0.11 Ampere’s law (exercise)

Worked out exercises

Problem 1: Two wires each carrying current I are perpendicular to xy plane. The current in one of them is into the plane denoted by a cross sign and the current in the other wire is out of the plane denoted by a filled circle. If the linear distance between the positions of two wires is “2a”, then find the net magnetic field at a distance”b” on the perpendicular bisector of the line joining the positions of two wires.

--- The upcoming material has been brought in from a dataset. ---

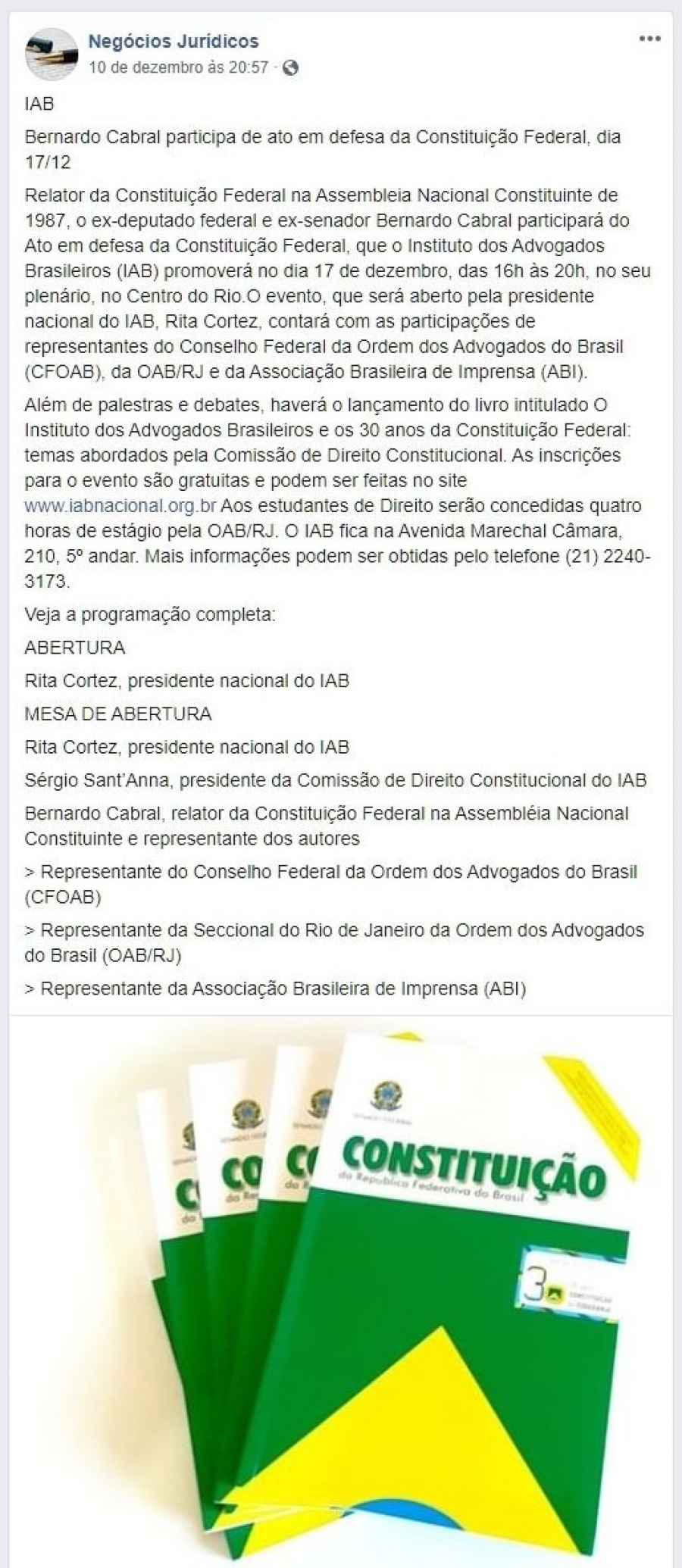 Bernardo Cabral participa no IAB de ato em defesa da Constituição Federal
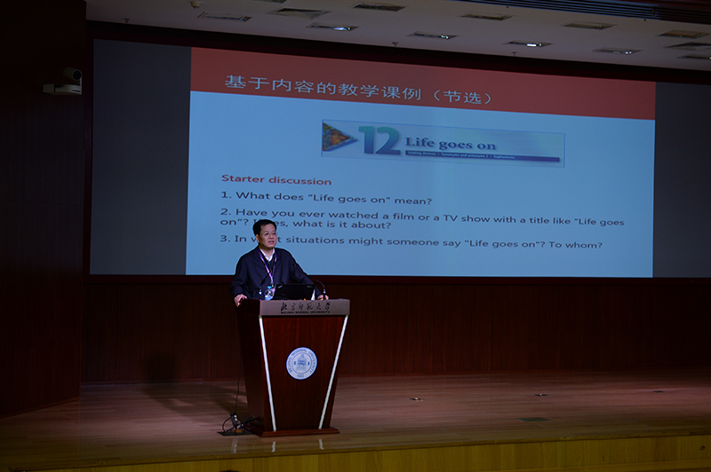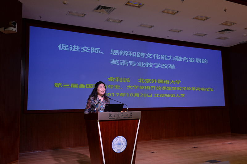 28日上午,Cool18 程晓堂教授作了题为“如何提高外语课堂教学的效果?”的主旨发言。他认为,外语教育界需要继续摸索和探讨有效的外语教学方法,特别是需要探讨课堂上教师应该做什么,实际在做什么,做得效果如何。下午,北京外国语大学教务处处长、英语学院教授金利民老师在她的主旨发言中介绍了北京外国语大学开展的“促进交际、思辨和跨文化能力融合发展的英语专业教学改革”。在发言中,金教授介绍了该校改革和教材编写的背景,阐释改革理念,并以口语教材编写和活动设计为案例,展现如何使交际与思辨和跨文化能力并行发展。

Magnetic field at perpendicular bisector

Solution : The magnitudes of magnetic fields due to wires at A and B are equal. Applying Ampere's law, the magnetic field due to each wire is :

$$B=\frac{{\mu }_{0}I}{2\pi r}$$

The magnetic fields are directed tangential to the circle drawn containing point “P” with centers “A” and “B” as shown in the figure. Each magnetic field makes an angle say “θ” with the bisector. The components in y-direction cancel out, whereas x-components add up. Clearly, the net magnetic field is directed in negative x – direction. The magnitude of net magnetic field is :

Magnetic field at perpendicular bisector

$$\Rightarrow B=2X\frac{{\mu }_{0}I\cos \theta }{2\pi r}=\frac{{\mu }_{0}I\cos \theta }{\pi r}$$

Now,

$$\cos \theta =\frac{a}{r}=\frac{a}{\sqrt{\left(a^2+b^2\right)}}$$

and

$$r=\sqrt{\left(a^2+b^2\right)}$$

Putting these expressions in the equation for the magnetic field at “P”, we have :

$$\Rightarrow B=\frac{{\mu }_{0}I\cos \theta }{\pi r}=\frac{{\mu }_{0}Ia}{\pi \sqrt{\left(a^2+b^2\right)}\sqrt{\left(a^2+b^2\right)}}$$ $$\Rightarrow B=\frac{{\mu }_{0}Ia}{\pi \left(a^2+b^2\right)}$$

Problem 2: Five straight wires, carrying current I, are perpendicular to the plane of drawing. Four of them are situated at the corners and fifth wire is situated at the center of a square of side "a". Two of the wires at the corners are flowing into the plane whereas the remaining three are flowing out of the plane. Find the net magnetic field at the center of square.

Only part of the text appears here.